Buried in this article is the information I was asking for: How do the humanities majors do on Step 1? The answer is they score lower on Step 1 than science majors. They also drop out more and take more leaves of absences from medical school.
http://www.nytimes.com/2010/07/30/nyregion/30medschools.html?_r=0
TatinG,
I bet there are exceptions to this statistics about humanitites major. D. said that no UG academics anyhow prepare her for academics at Med. School. As I said every Med. Student has a certain level of background in sciences. Then if goes to how hard you prepare for everything. D. (science major in college) had to study 14 hrs / day every day for 7.5 weeks (with about 2 - 3 days of break) for Step 1 exam. Did all these humanity majors who score low, did all of them study that much? I highly doubt it. The reason for my doubt is not enough background in humanities majors, but not having the same hard working habits as more challenging majors at college. D. mentioned tht she had to step up her efforts considerably at college (in-state public) in comparison to HS and she graduated from the #2 private HS in our state. I do not know if humanities majors had to make as big adjustment. I am not the judge here, just an educated guess…

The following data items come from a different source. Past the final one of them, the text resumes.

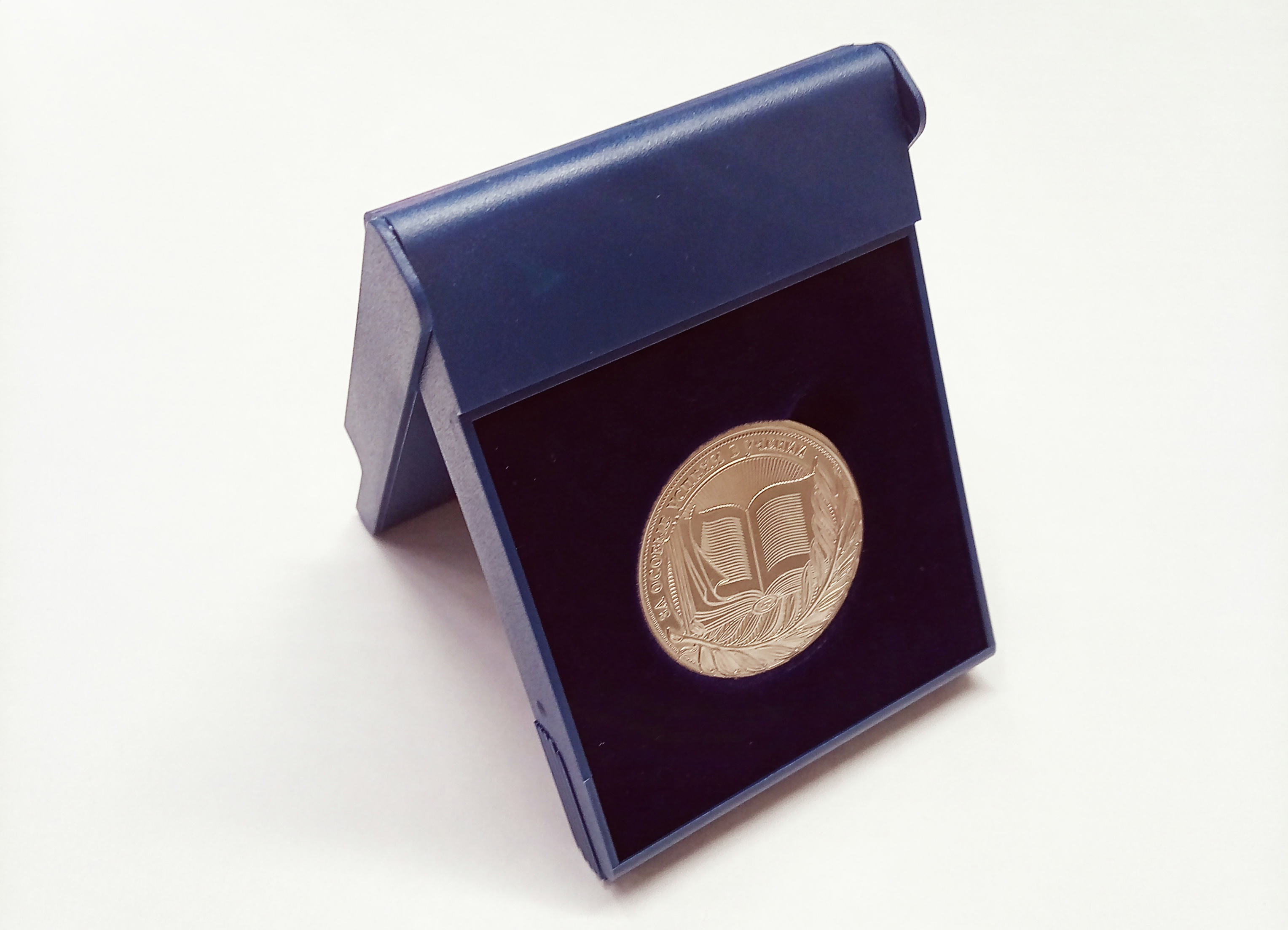 Медаль упаковывается в пластиковый футляр с изображением Государственного герба Российской Федерации, в бархатном ложементе футляра - углубление под медаль. Для медали "За особые успехи в учении" II степени используется футляр синего цвета
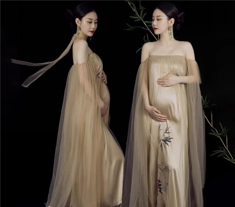 マタニティ ドレス フォト 衣装 おしゃれ スタジオ 妊婦 思い出 記念 写真 チャイナ風 レトロ
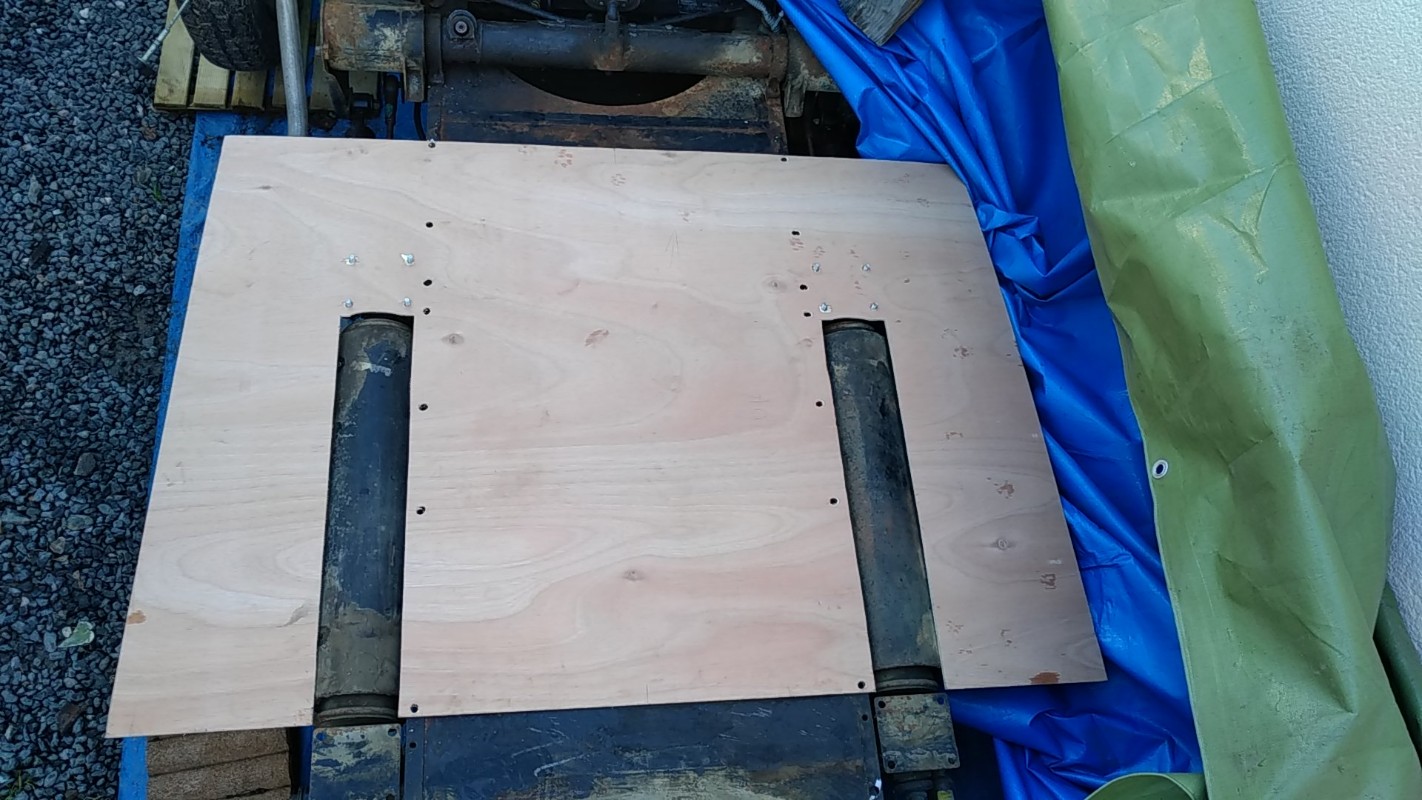 Un gabarit en contreplaqué posé sur le chassis et positionné après sur la caisse...les trous de fixation doivent correspondre.
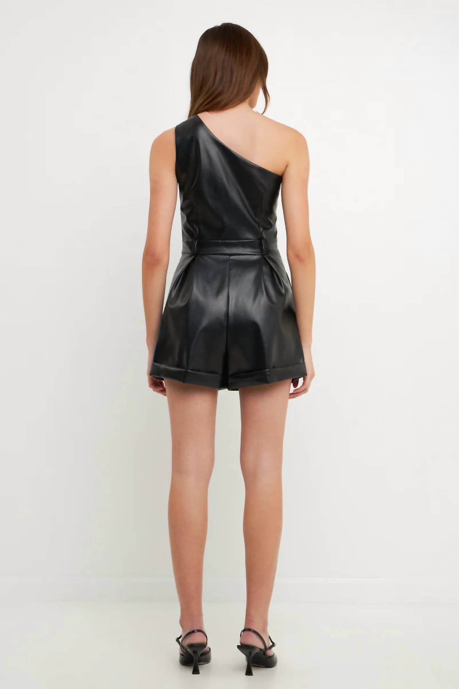 The perfect outfit choice when you you need something quick to throw on and still want to look efforlessly cool. Elevate your ensemble with the Faux Leather One Shoulder Romper by endless rose, a striking piece in black for those standout moments. This women's romper features a chic one-shoulder silhouette, cuffed hem, and practical belt loops, alongside the convenience of pockets. Material: Faux Leather. Closure: Zip closure. Care: Dry clean.
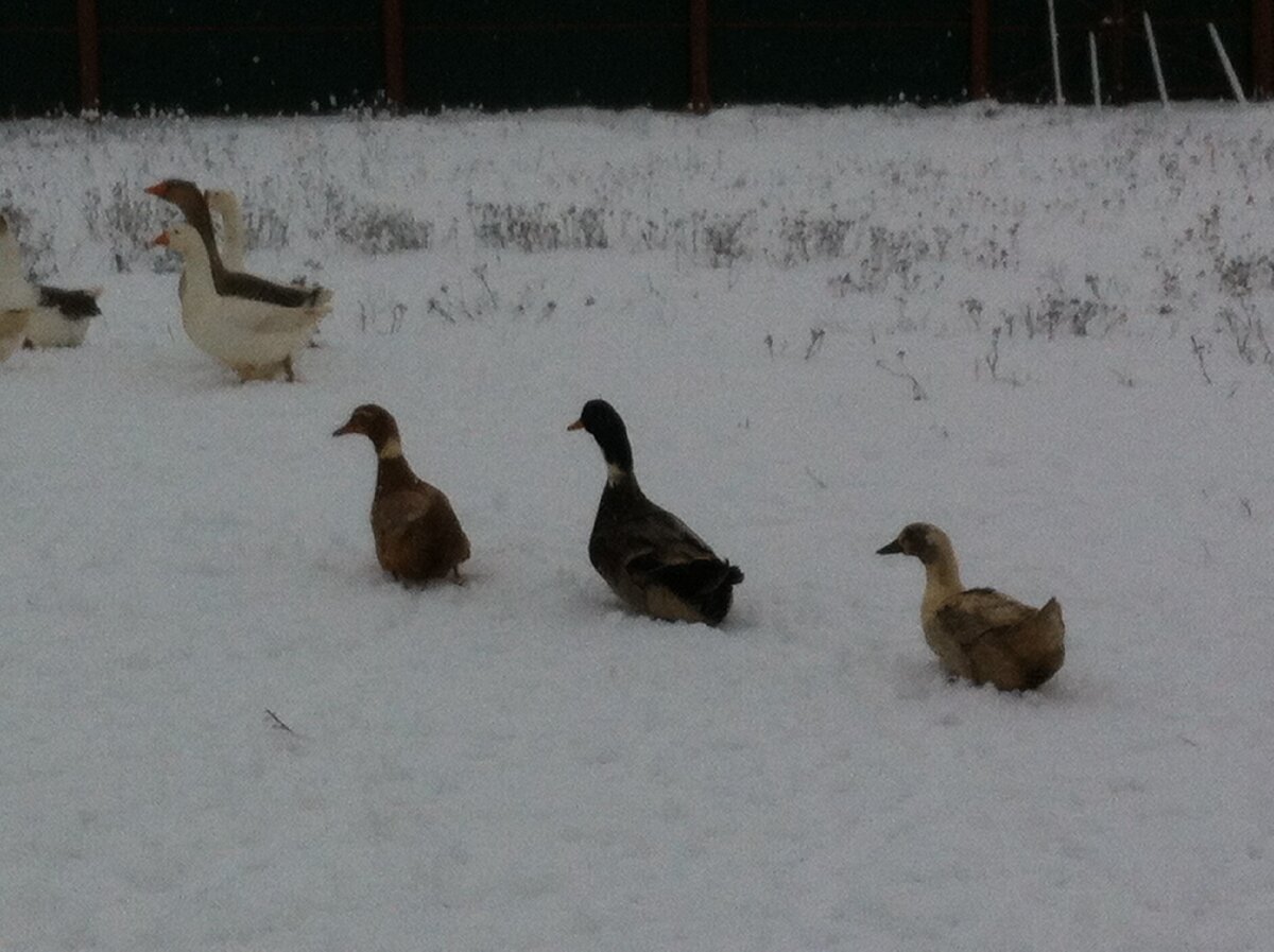 У нас в этом году зимуют две семьи кур во главе с петухом в каждой, две утки и селезень и семья гусей.

Med school is evolving quickly. In some respects, getting easier; in others, harder. Mt Sinai is just one example. The expectation is to produce quality docs. As even the link says, that includes more than all sci/all the time.
Have to affirm this. Every great doctor I have ever had fits this description. And having evaluated them all in terms of their approach to medicine, it makes perfect sense: they have all been imaginative, curious, and open. If they hadn’t, they wouldn’t have explored puzzling medical situations that defied textbook categories. They have all had a “freedom” about them which allowed them to come at a problem from an unorthodox angle at times.
They are all (the older ones) intellectually curious people about many subjects; I’d call it an intellectual hunger. I think it definitely benefits listening to patients, differential diagnosis, and flexibility.
Wrong guess. And not a very educated one either.
I think the reason that the students in the Mount Sinai FlexMed program are not permitted to take the MCAT is that if they took it, Mount Sinai would have to include their scores in their statistics. They are assuming that the students in the FlexMed program would score lower than the other students that they admit. I think this is probable. One can pick up a lot of the literature/humanities/social science elements of the MCAT from general reading. The science that is on the MCAT is not available from general reading. One could self-study it, of course, without taking the classes. But I don’t think anyone would pick it up without actually studying.
The no-MCAT requirement does also lock the students into the Mount Sinai program. But few medical schools will admit students without the full range of biology/chemistry/physics/math that they require, anyway.